Emma había comenzado a hablar delante del hospital, y luego había cambiado de opinión. ¿Había estado a punto de explicarme lo que le habían dicho por teléfono? No cabe duda de que la llamada la había alterado. ¿Por qué?

¿Había estado dispuesta a decir algo acerca del esqueleto? ¿Estaba reteniendo información? Poco probable.

Continué con las calificaciones hasta que no pude más. Poco después de la una consulté la tabla de mareas, me calcé las Nike y caminé unos tres kilómetros por la playa con Boyd. No era temporada alta, así que la prohibición contra los «perros sueltos» no se aplicaba con rigor. El chow entraba y salía de la marea mientras yo caminaba por la arena dura que dejaba la retirada. Los correlimos no se mostraban entusiasmados en lo más mínimo con nuestra presencia.

A la vuelta crucé hasta Ocean Boulevard y compré los periódicos dominicales. Una ducha rápida, y luego Boyd y yo hicimos inventario de las contribuciones de Pete a la despensa.

Seis variedades de embutidos, cuatro quesos, pepinillos y pan de tres variedades: trigo, centeno y cebolla. Ensalada de col, de patatas y más bolsas de patatas fritas que la fábrica de Frito-Lay.

Pete podía tener muchas carencias, pero el hombre sabía cómo llenar una despensa.

Elaboré una obra de arte con jamón, queso y ensalada de col con mayonesa sobre una rebanada de pan de centeno, abrí una Coca-Cola light y me lo llevé todo, junto a los periódicos, a la galería.

Pasé una hora y media deliciosa con The New York Times, y eso sin contar los crucigramas. Todas las noticias que merecen publicarse.

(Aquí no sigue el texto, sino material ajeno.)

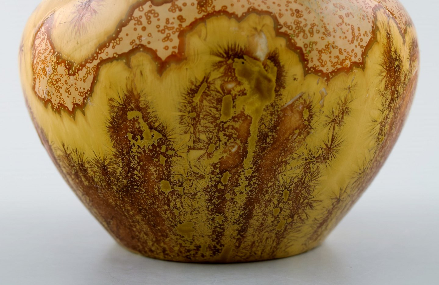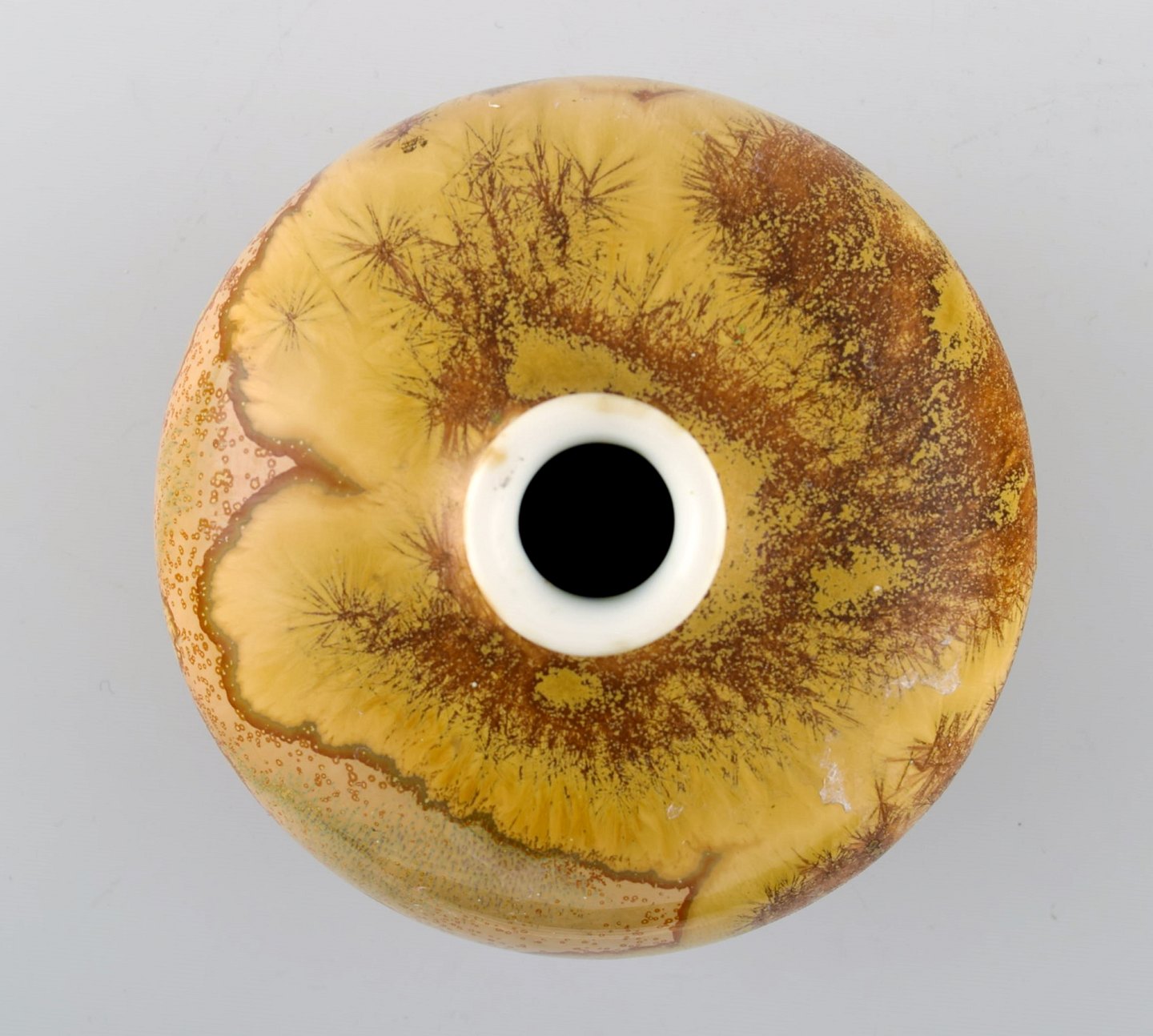 Sjælden Rörstrand/Rørstrand krystalglasur porcelænsvase. Fantastisk glasur. Måler : 12,5 cm. x 10 cm. Stemplet. Ca. 1920. I perfekt stand.

No se puede ser más feliz.

Boyd dormitaba a mis pies después de haberse comido todas las cortezas y el jamón que había estado dispuesta a compartir.

Cuando llevaba diez minutos con el Post and Courier casi devolví el sándwich.

La sección local. Página cinco, debajo del pliegue.

CADÁVER ENTERRADO EN UNA PLAYA

Charleston (C del S). Los estudiantes de arqueología que excavaban en un yacimiento en la isla de Dewees encontraron esta semana algo más que indios muertos. El grupo, dirigido por la doctora Temperance Brennan, del Departamento de Antropología de la UNC-Charlotte, tropezó con una tumba reciente ocupada por un cadáver muy moderno.

Brennan rehusó comentar el macabro hallazgo, pero los restos parecen ser los de un adulto. Según Topher Burgess, uno de los estudiantes, el cuerpo había sido envuelto en su ropa y enterrado a menos de sesenta centímetros de la superficie. Burgess calcula que la tumba tuvo que ser cavada en algún momento de los últimos cinco años.

Si bien no se llamó a la policía para que acudiese al lugar, la forense del condado de Charleston consideró el descubrimiento lo suficientemente importante como para supervisar en persona la excavación de la tumba. Rousseau, reelegida en dos ocasiones, ha sido criticada no hace mucho por la actuación de la Oficina del Forense por un dictamen erróneo en el caso de un fallecimiento a bordo de un crucero el año pasado.

Después de desenterrados, los restos sin identificar fueron llevados desde Dewees hasta la morgue de la MUSC. El personal de la morgue rehusó comentar el caso.

Reportaje especial para el Post and Courier de Homer Winborne.

Una foto en blanco y negro granulosa mostraba mi rostro y el trasero de Emma. Estábamos a gatas en Dewees.

Volé al interior de la casa con Boyd pegado a mis talones. Cogí el primer teléfono a mano y marqué el número. Mis movimientos eran tan violentos que necesité dos intentos.

Me respondió el contestador automático de Emma.

—Hijoputa.

Esperé a que acabase el mensaje, caminando de una habitación a otra.

Piiii.

—¿Has visto el periódico de hoy? ¡Qué día! ¡Salimos en las noticias!

Entré en el solario y me desplomé en el sofá. Me levanté. Birdie saltó al suelo y desapareció de la vista.

—¡Olvídate del Moultrie News! ¡Winborne ha encontrado su filón! El Charleston Post and Courier. ¡El chico va camino de la cumbre!

Sabía que le estaba gritando a una máquina. No podía contenerme.

—No me ex….

—Estoy aquí. —La voz de Emma sonaba pastosa, como si la hubiese despertado.

—No me extraña que el muy gusano entregase la Nikon. Tenía una cámara de reserva. ¡Quizá todo un lote!

—Tempe.

—¡Una réflex en los calzoncillos! ¡Un gran angular en la punta del bolígrafo! ¡Una cámara de vídeo atada a la polla! ¿Quién sabe? ¡Puede que nos llamen de Court TV!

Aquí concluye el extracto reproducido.